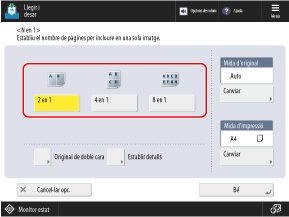 Seleccioneu el nombre de pàgines que voleu combinar en una cara del paper. Per exemple, quan seleccioneu [4 en 1], es combinaran quatre pàgines en una cara del paper.
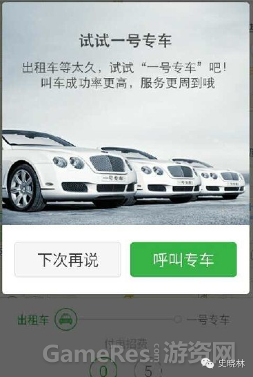快的打车app 中,在叫普通出租车的等待时间中,会弹出专车的广告。
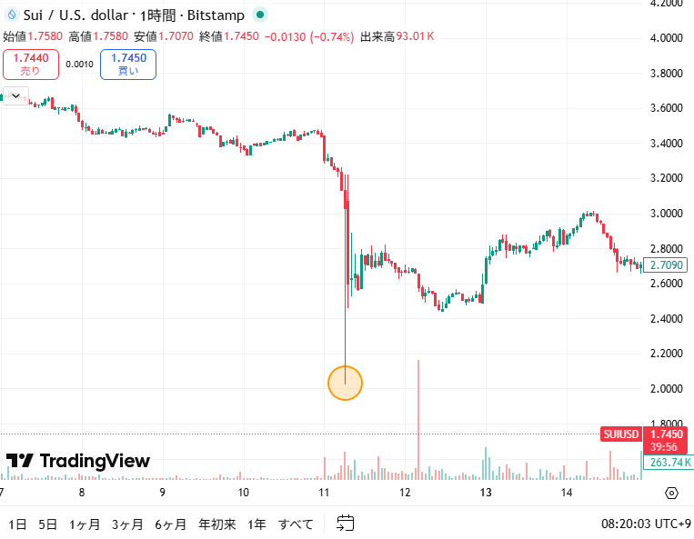 アルトコインはもっと悲惨でした。スイ(SUI)なんかは一時85%も暴落して0.5597ドルまで下がりました。
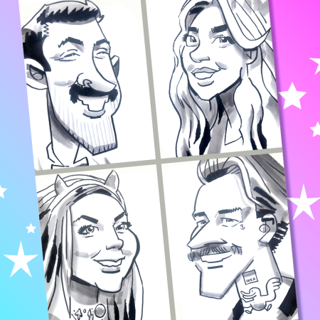 From playful caricatures to realistic portraits, this live event artist provides a variety of styles, perfect for breaking the ice and capturing memories.
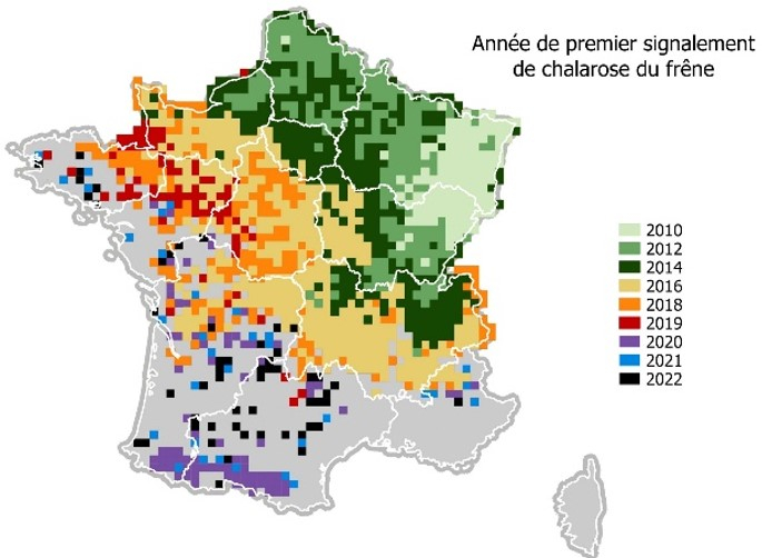 Hymenoscyphus fraxineus (synonyme Chalara fraxinea) est un champignon ascomycète responsable de la chalarose du frêne. Ce pathogène est invasif en Europe depuis les années 1990. Il est originaire d'Asie de l'Est où ses hôtes indigènes sont le frêne de Mandchourie et le frêne de Chine. En Europe, le frêne commun et le frêne oxyphylle sont très sensibles à la maladie. De forts taux de mortalité sont observés chez le frêne commun, notamment chez les jeunes arbres, directement imputable à la chalarose. La première mention de la maladie en France date de 2008 dans le Nord-Est. La chalarose s'est ensuite propagée vers l'ouest et le sud à une vitesse d'envion 60 km par an (figure 1). Seuls les frênes présents dans le pourtour méditerranéen ne sont pas malades, en raison d'un climat chaud et sec en été peu propice à l'infection des rameaux. A l'inverse des deux autres espèces indigènes au Europe, le frêne à fleurs (Fraxinus ornus) présente une bonne résistance à la maladie.
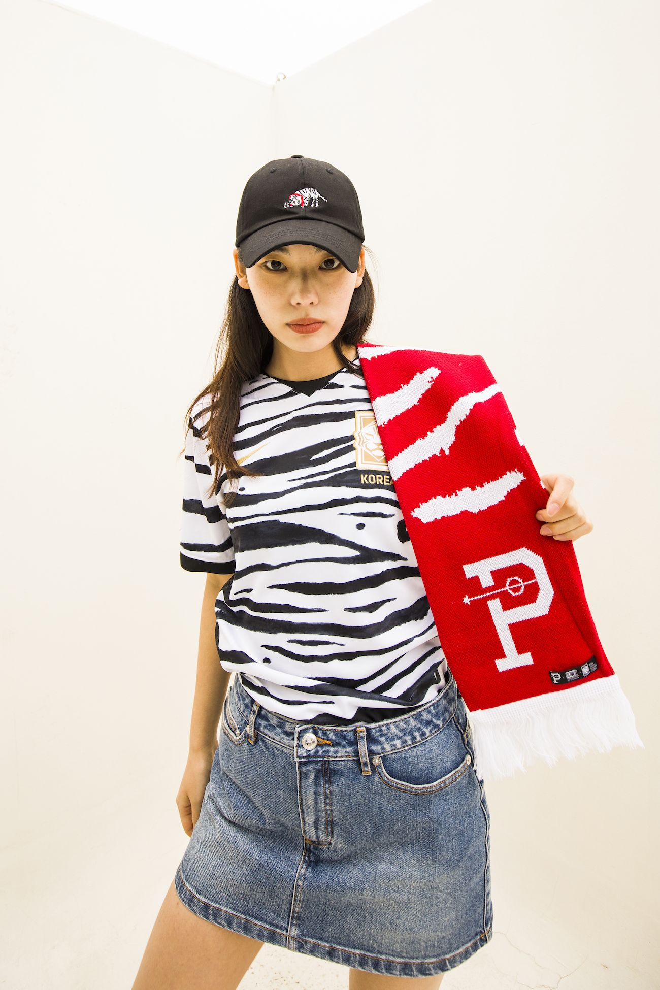 After the various collaborations with Paris Saint Germain and the one with Tottenham a few months ago, Over the Pitch is back once again to amaze. The Korean collective, together with the Korean national team and Act Up, has conceived and designed a new and special collection that includes: a hat, a scarf and a bag. The period chosen is no coincidence: the entire collection will be released today on the occasion of the World Cup qualifying match against Iran, which has already been won with a goal from its most representative player Son Heung-min. The entire collection is centred around the tiger, emblem and symbol of the Korean national football team, personally designed by Gaeko, one of Act Up's two designers.
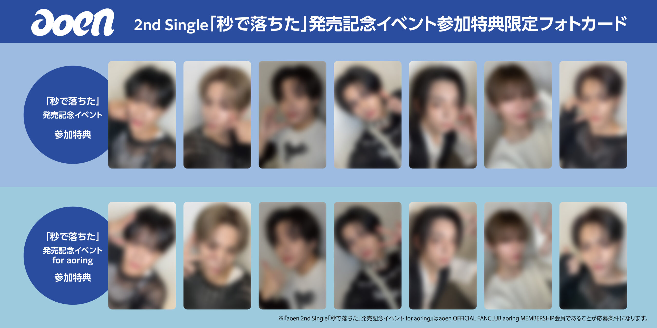 ※限定フォトカードは、『aoen 2nd Single「秒で落ちた」発売記念イベント』と『aoen 2nd Single「秒で落ちた」発売記念イベント for aoring』で絵柄が異なります。
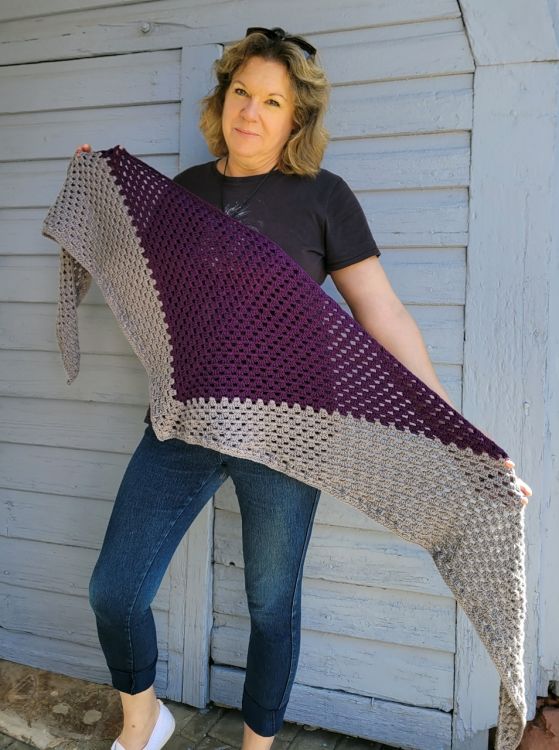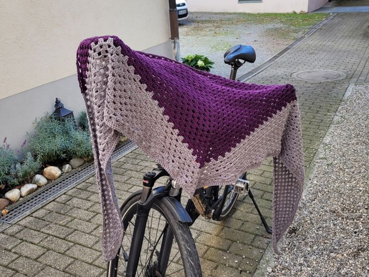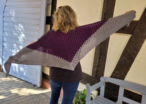 Das Häkeltuch Mathea ist ein Granny Tuch mit verlängerten Spitzen. Das wird mit verkürzten Reihen gearbeitet und ist nicht so kompliziert, wie es sich liest. Und damit die langgezogenen Tuch Zipfel besonders auffällig sind, werden sie in einer anderen Farbe gehäkelt.
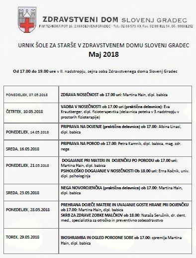 Zdravstveni dom Slovenj Gradec zagotavlja večkrat med letom bodočim staršem sodelovanje v Šoli za starše. Vabljeni na predavanja in delavnice, ki jih vodijo izkušene babice in diplomirane sestre, s katerimi se boste srečevali tudi ob negi vašega malčka po prihodu iz porodnišnice.
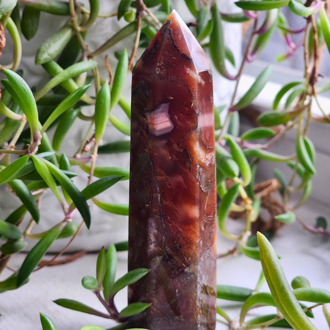 Bring joy and balance into your space with this stunning Crazy Lace Agate Tower. Measuring 3.5 inches tall and weighing 66g, this tower features vibrant swirls of red, orange, and earthy browns, complemented by intricate lace-like banding. A true statement piece, it embodies the grounding yet uplifting energy that Crazy Lace Agate is known for.

**Aim of the exercise**
An unchanged copy of the listing, with no pictures, should be returned.

**Result of the task**
 Seleccioneu el nombre de pàgines que voleu combinar en una cara del paper. Per exemple, quan seleccioneu [4 en 1], es combinaran quatre pàgines en una cara del paper.
快的打车app 中,在叫普通出租车的等待时间中,会弹出专车的广告。
 アルトコインはもっと悲惨でした。スイ(SUI)なんかは一時85%も暴落して0.5597ドルまで下がりました。
 From playful caricatures to realistic portraits, this live event artist provides a variety of styles, perfect for breaking the ice and capturing memories.
 Hymenoscyphus fraxineus (synonyme Chalara fraxinea) est un champignon ascomycète responsable de la chalarose du frêne. Ce pathogène est invasif en Europe depuis les années 1990. Il est originaire d'Asie de l'Est où ses hôtes indigènes sont le frêne de Mandchourie et le frêne de Chine. En Europe, le frêne commun et le frêne oxyphylle sont très sensibles à la maladie. De forts taux de mortalité sont observés chez le frêne commun, notamment chez les jeunes arbres, directement imputable à la chalarose. La première mention de la maladie en France date de 2008 dans le Nord-Est. La chalarose s'est ensuite propagée vers l'ouest et le sud à une vitesse d'envion 60 km par an (figure 1). Seuls les frênes présents dans le pourtour méditerranéen ne sont pas malades, en raison d'un climat chaud et sec en été peu propice à l'infection des rameaux. A l'inverse des deux autres espèces indigènes au Europe, le frêne à fleurs (Fraxinus ornus) présente une bonne résistance à la maladie.
 After the various collaborations with Paris Saint Germain and the one with Tottenham a few months ago, Over the Pitch is back once again to amaze. The Korean collective, together with the Korean national team and Act Up, has conceived and designed a new and special collection that includes: a hat, a scarf and a bag. The period chosen is no coincidence: the entire collection will be released today on the occasion of the World Cup qualifying match against Iran, which has already been won with a goal from its most representative player Son Heung-min. The entire collection is centred around the tiger, emblem and symbol of the Korean national football team, personally designed by Gaeko, one of Act Up's two designers.
 ※限定フォトカードは、『aoen 2nd Single「秒で落ちた」発売記念イベント』と『aoen 2nd Single「秒で落ちた」発売記念イベント for aoring』で絵柄が異なります。
 Das Häkeltuch Mathea ist ein Granny Tuch mit verlängerten Spitzen. Das wird mit verkürzten Reihen gearbeitet und ist nicht so kompliziert, wie es sich liest. Und damit die langgezogenen Tuch Zipfel besonders auffällig sind, werden sie in einer anderen Farbe gehäkelt.
 Zdravstveni dom Slovenj Gradec zagotavlja večkrat med letom bodočim staršem sodelovanje v Šoli za starše. Vabljeni na predavanja in delavnice, ki jih vodijo izkušene babice in diplomirane sestre, s katerimi se boste srečevali tudi ob negi vašega malčka po prihodu iz porodnišnice.
 Bring joy and balance into your space with this stunning Crazy Lace Agate Tower. Measuring 3.5 inches tall and weighing 66g, this tower features vibrant swirls of red, orange, and earthy browns, complemented by intricate lace-like banding. A true statement piece, it embodies the grounding yet uplifting energy that Crazy Lace Agate is known for.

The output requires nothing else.